*Assignment:* Look below for the line with "Der Abend war"; begin the copy there and stop after the line with "月 24 日訊】接著看到大紀元時報台灣版報導:通膨仍高央行升息半碼,國內貨幣政策基調為「適度緊縮」。", keeping the text exact and the pictures out.

*Data for review:*
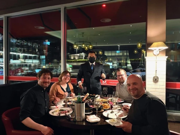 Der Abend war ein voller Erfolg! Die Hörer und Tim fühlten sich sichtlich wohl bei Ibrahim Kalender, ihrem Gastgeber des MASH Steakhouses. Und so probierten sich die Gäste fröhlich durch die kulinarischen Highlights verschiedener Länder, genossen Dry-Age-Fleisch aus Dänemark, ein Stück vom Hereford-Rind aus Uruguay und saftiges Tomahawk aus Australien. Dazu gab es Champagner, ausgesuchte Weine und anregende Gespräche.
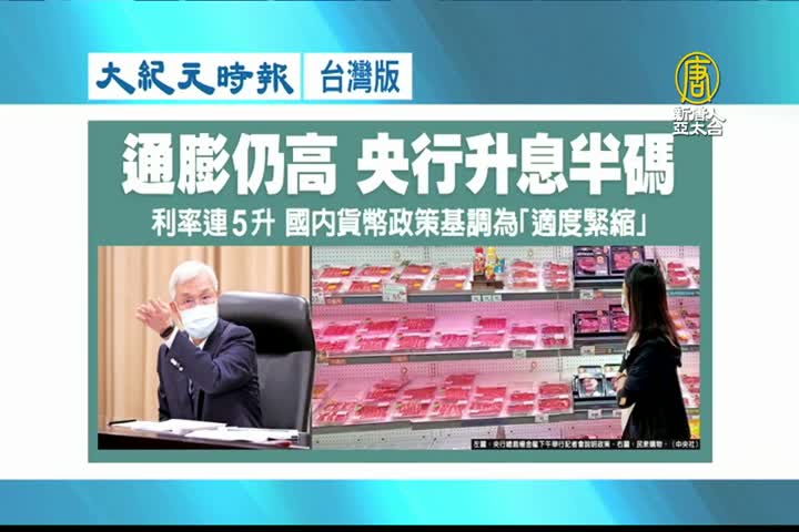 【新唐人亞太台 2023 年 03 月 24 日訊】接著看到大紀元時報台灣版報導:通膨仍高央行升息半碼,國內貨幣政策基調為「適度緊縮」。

* * *

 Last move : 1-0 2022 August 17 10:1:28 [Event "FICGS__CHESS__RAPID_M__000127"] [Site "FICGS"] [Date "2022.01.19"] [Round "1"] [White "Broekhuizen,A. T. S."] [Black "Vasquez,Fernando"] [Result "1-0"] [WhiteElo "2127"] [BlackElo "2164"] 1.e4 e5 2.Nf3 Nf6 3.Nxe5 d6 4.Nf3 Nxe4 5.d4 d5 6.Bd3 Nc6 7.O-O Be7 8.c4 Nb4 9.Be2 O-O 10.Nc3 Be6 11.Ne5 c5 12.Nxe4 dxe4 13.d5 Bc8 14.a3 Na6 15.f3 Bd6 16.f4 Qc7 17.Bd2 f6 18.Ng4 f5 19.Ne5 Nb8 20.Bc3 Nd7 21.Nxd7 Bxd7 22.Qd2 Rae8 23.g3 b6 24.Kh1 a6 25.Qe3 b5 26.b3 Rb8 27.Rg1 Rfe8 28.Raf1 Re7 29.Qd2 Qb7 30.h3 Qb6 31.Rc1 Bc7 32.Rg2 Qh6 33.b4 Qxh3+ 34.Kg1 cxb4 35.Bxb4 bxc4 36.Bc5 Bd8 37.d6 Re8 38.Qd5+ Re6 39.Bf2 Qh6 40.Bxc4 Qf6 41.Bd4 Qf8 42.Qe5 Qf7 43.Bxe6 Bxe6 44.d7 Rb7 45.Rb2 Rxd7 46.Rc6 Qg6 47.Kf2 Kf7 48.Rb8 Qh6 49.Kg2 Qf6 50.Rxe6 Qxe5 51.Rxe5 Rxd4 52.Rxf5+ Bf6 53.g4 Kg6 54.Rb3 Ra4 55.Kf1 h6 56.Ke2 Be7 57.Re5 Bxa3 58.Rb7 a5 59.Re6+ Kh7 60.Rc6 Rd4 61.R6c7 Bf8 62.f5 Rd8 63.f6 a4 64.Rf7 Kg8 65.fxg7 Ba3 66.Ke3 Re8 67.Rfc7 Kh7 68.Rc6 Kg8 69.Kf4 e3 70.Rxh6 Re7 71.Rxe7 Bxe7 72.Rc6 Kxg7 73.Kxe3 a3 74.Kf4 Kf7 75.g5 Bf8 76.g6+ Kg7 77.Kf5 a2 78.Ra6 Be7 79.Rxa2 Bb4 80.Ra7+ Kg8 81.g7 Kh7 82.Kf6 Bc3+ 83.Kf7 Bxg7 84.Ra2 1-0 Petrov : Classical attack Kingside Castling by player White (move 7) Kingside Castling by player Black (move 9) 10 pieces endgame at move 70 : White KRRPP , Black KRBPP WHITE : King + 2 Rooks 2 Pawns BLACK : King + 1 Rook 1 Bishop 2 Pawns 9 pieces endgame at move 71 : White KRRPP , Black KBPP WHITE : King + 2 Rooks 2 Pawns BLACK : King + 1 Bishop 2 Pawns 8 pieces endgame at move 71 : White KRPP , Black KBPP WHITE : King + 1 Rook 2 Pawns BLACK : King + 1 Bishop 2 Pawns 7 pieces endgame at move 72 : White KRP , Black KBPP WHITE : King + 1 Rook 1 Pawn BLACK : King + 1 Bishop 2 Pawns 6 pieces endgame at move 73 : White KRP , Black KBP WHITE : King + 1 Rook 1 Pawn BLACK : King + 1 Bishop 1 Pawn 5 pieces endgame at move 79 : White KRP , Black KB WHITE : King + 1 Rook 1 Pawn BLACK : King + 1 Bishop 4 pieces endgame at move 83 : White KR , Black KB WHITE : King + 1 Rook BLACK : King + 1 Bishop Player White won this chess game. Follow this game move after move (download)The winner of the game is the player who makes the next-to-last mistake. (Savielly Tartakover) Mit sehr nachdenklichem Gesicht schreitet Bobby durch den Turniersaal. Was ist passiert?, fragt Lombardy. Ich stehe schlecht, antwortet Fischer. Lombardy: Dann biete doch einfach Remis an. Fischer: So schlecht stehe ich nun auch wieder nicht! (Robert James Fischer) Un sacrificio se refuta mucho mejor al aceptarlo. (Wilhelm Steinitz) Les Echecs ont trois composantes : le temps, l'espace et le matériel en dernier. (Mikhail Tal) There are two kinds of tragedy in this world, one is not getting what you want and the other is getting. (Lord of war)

*Exercise output:*
 Der Abend war ein voller Erfolg! Die Hörer und Tim fühlten sich sichtlich wohl bei Ibrahim Kalender, ihrem Gastgeber des MASH Steakhouses. Und so probierten sich die Gäste fröhlich durch die kulinarischen Highlights verschiedener Länder, genossen Dry-Age-Fleisch aus Dänemark, ein Stück vom Hereford-Rind aus Uruguay und saftiges Tomahawk aus Australien. Dazu gab es Champagner, ausgesuchte Weine und anregende Gespräche.
 【新唐人亞太台 2023 年 03 月 24 日訊】接著看到大紀元時報台灣版報導:通膨仍高央行升息半碼,國內貨幣政策基調為「適度緊縮」。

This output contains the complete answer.